Task instructions —
Copy the data that follows exactly as it is, excluding all pictures.

Stored data —

━━━

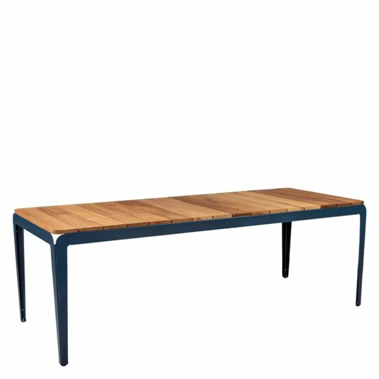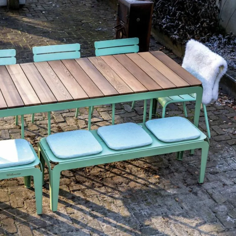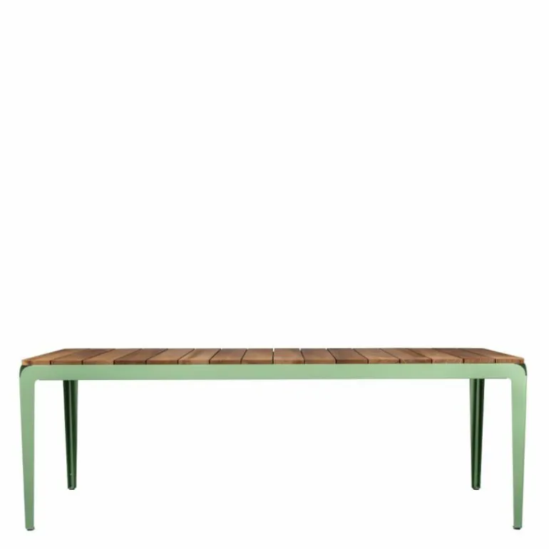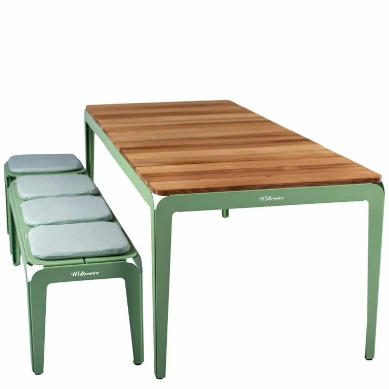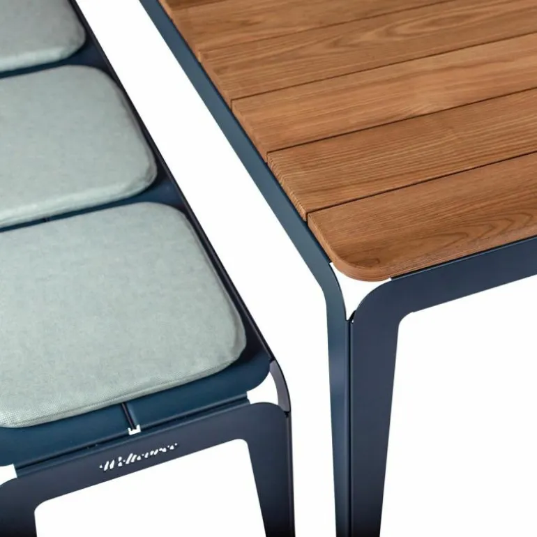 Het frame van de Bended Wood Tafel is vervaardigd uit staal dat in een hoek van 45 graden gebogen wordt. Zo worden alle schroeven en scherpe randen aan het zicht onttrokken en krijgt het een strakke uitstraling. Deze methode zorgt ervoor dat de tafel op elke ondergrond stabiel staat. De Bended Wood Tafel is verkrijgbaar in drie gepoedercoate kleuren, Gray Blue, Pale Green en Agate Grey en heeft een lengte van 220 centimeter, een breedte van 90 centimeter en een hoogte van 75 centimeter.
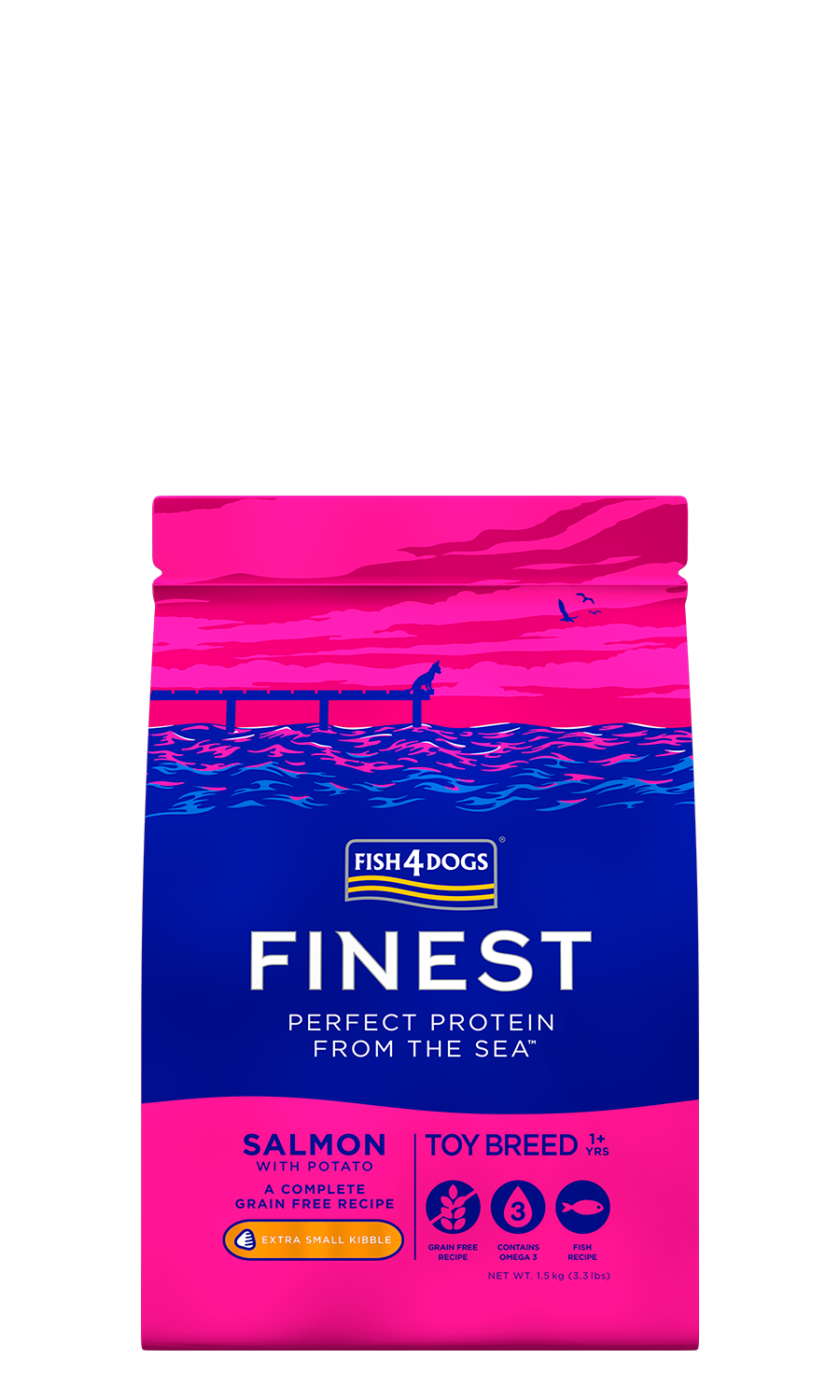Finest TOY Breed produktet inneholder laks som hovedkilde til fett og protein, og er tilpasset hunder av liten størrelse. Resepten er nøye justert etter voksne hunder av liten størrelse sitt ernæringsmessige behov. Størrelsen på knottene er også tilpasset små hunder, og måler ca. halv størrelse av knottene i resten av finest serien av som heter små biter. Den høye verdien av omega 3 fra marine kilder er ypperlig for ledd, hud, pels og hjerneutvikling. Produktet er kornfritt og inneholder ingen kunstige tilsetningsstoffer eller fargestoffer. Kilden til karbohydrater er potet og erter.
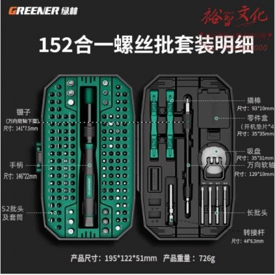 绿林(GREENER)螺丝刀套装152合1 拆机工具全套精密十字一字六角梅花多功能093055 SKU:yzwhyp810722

━━━

Output —
 Het frame van de Bended Wood Tafel is vervaardigd uit staal dat in een hoek van 45 graden gebogen wordt. Zo worden alle schroeven en scherpe randen aan het zicht onttrokken en krijgt het een strakke uitstraling. Deze methode zorgt ervoor dat de tafel op elke ondergrond stabiel staat. De Bended Wood Tafel is verkrijgbaar in drie gepoedercoate kleuren, Gray Blue, Pale Green en Agate Grey en heeft een lengte van 220 centimeter, een breedte van 90 centimeter en een hoogte van 75 centimeter.
Finest TOY Breed produktet inneholder laks som hovedkilde til fett og protein, og er tilpasset hunder av liten størrelse. Resepten er nøye justert etter voksne hunder av liten størrelse sitt ernæringsmessige behov. Størrelsen på knottene er også tilpasset små hunder, og måler ca. halv størrelse av knottene i resten av finest serien av som heter små biter. Den høye verdien av omega 3 fra marine kilder er ypperlig for ledd, hud, pels og hjerneutvikling. Produktet er kornfritt og inneholder ingen kunstige tilsetningsstoffer eller fargestoffer. Kilden til karbohydrater er potet og erter.
 绿林(GREENER)螺丝刀套装152合1 拆机工具全套精密十字一字六角梅花多功能093055 SKU:yzwhyp810722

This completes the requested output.